ENTRIES SUPPLIED START

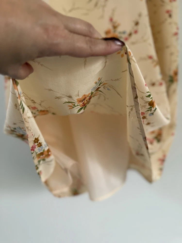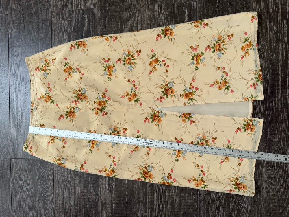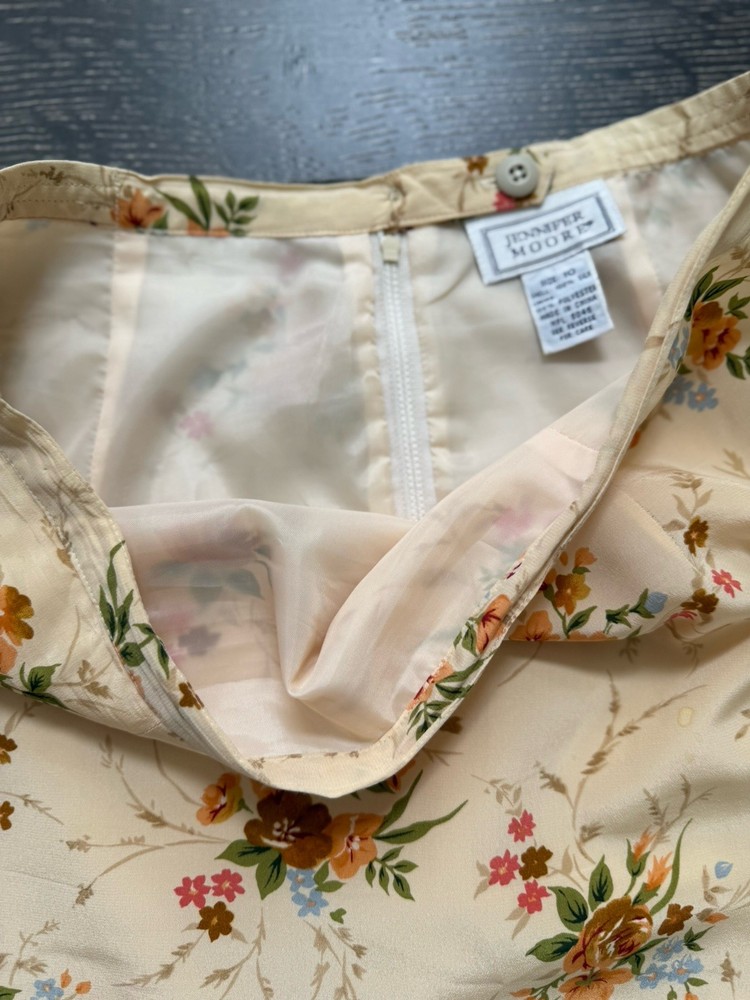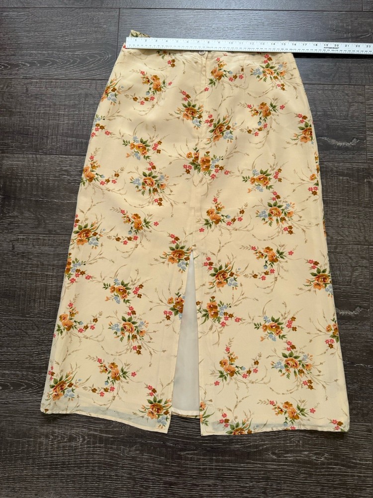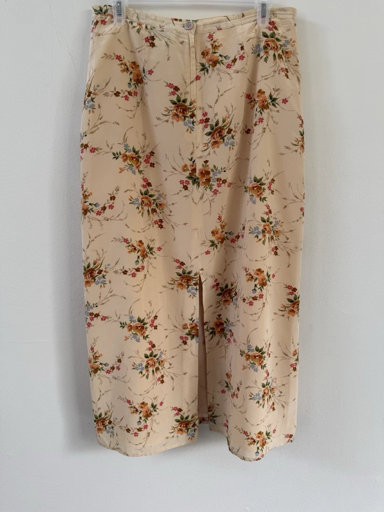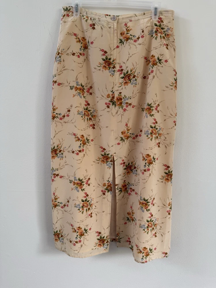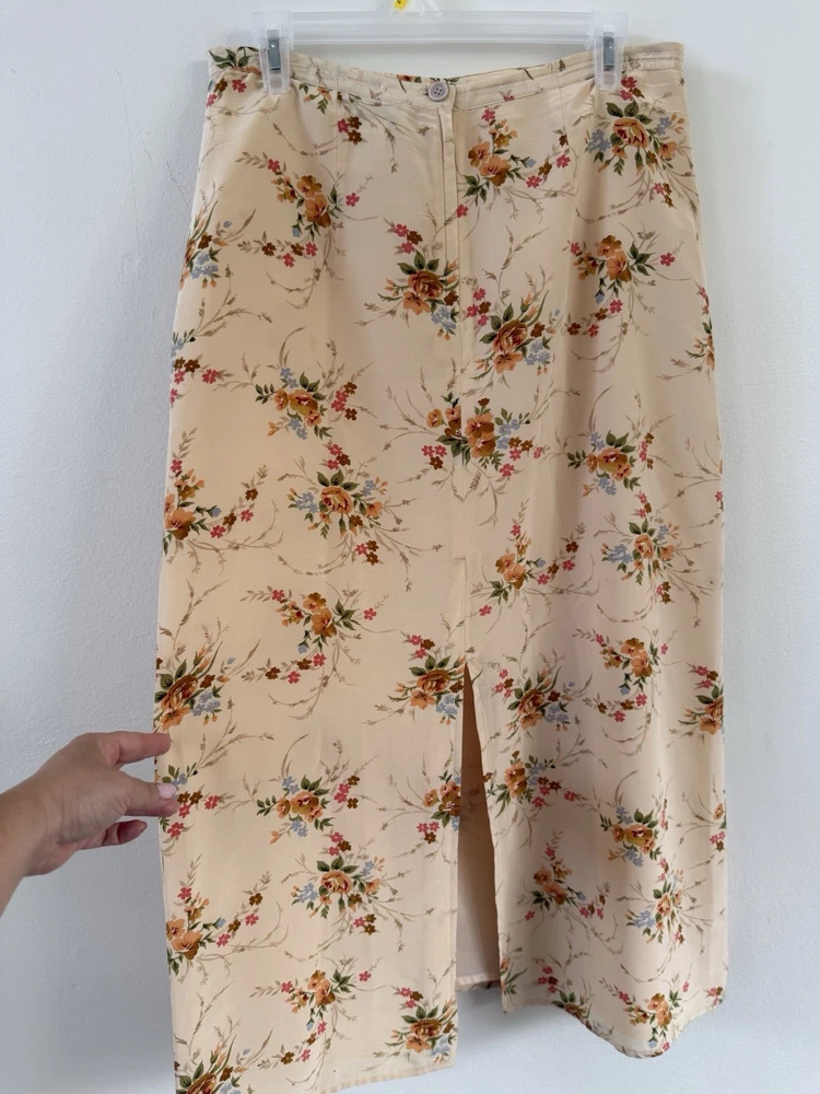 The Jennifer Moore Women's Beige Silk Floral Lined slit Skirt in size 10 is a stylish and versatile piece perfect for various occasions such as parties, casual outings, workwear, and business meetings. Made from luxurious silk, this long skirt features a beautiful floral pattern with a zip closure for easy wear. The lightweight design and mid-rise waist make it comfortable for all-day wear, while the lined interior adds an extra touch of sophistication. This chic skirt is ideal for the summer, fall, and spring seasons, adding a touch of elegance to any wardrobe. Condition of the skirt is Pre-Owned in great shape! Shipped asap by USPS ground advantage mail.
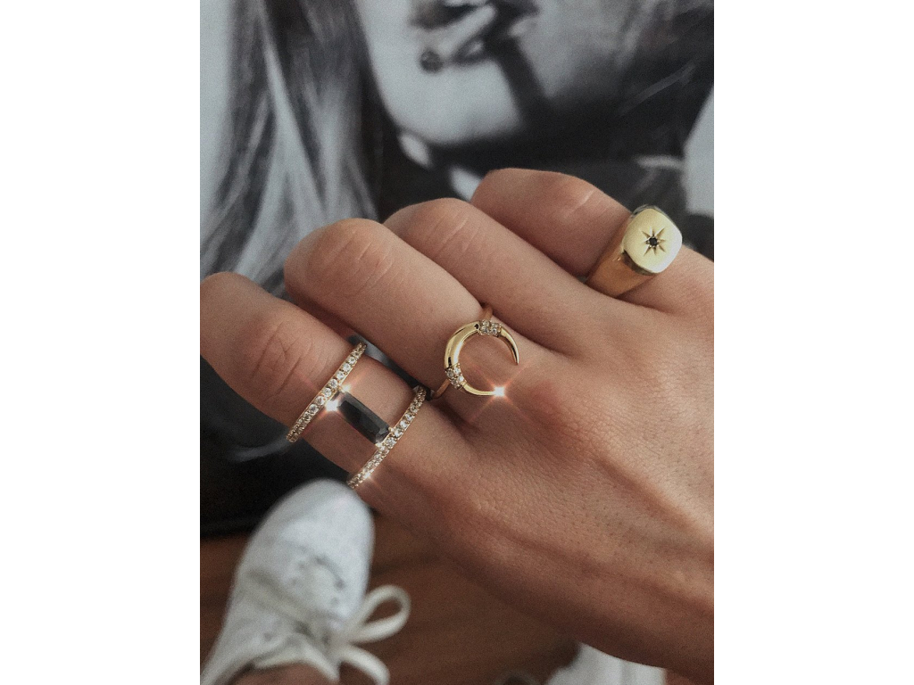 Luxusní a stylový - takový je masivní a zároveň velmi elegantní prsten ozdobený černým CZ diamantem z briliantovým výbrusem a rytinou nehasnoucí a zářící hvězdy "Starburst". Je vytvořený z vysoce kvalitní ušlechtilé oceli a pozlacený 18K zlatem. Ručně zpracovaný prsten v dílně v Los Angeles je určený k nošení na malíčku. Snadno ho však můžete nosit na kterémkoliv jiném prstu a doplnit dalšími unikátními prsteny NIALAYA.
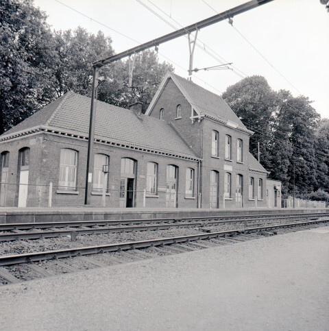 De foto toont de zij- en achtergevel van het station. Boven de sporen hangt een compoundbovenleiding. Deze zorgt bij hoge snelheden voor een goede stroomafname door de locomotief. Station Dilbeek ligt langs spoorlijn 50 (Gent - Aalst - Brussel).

ENTRIES SUPPLIED END
ENTRIES SUPPLIED START

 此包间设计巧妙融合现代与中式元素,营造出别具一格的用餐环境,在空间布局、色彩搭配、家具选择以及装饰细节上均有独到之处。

ENTRIES SUPPLIED END

__GOAL OF THE EXERCISE__
Look above for the line containing "The Jennifer Moore", then copy exactly from it through the line containing "De foto toont", keeping both and leaving out pictures. Add nothing else.

__RESPONSE BOX__
 The Jennifer Moore Women's Beige Silk Floral Lined slit Skirt in size 10 is a stylish and versatile piece perfect for various occasions such as parties, casual outings, workwear, and business meetings. Made from luxurious silk, this long skirt features a beautiful floral pattern with a zip closure for easy wear. The lightweight design and mid-rise waist make it comfortable for all-day wear, while the lined interior adds an extra touch of sophistication. This chic skirt is ideal for the summer, fall, and spring seasons, adding a touch of elegance to any wardrobe. Condition of the skirt is Pre-Owned in great shape! Shipped asap by USPS ground advantage mail.
 Luxusní a stylový - takový je masivní a zároveň velmi elegantní prsten ozdobený černým CZ diamantem z briliantovým výbrusem a rytinou nehasnoucí a zářící hvězdy "Starburst". Je vytvořený z vysoce kvalitní ušlechtilé oceli a pozlacený 18K zlatem. Ručně zpracovaný prsten v dílně v Los Angeles je určený k nošení na malíčku. Snadno ho však můžete nosit na kterémkoliv jiném prstu a doplnit dalšími unikátními prsteny NIALAYA.
 De foto toont de zij- en achtergevel van het station. Boven de sporen hangt een compoundbovenleiding. Deze zorgt bij hoge snelheden voor een goede stroomafname door de locomotief. Station Dilbeek ligt langs spoorlijn 50 (Gent - Aalst - Brussel).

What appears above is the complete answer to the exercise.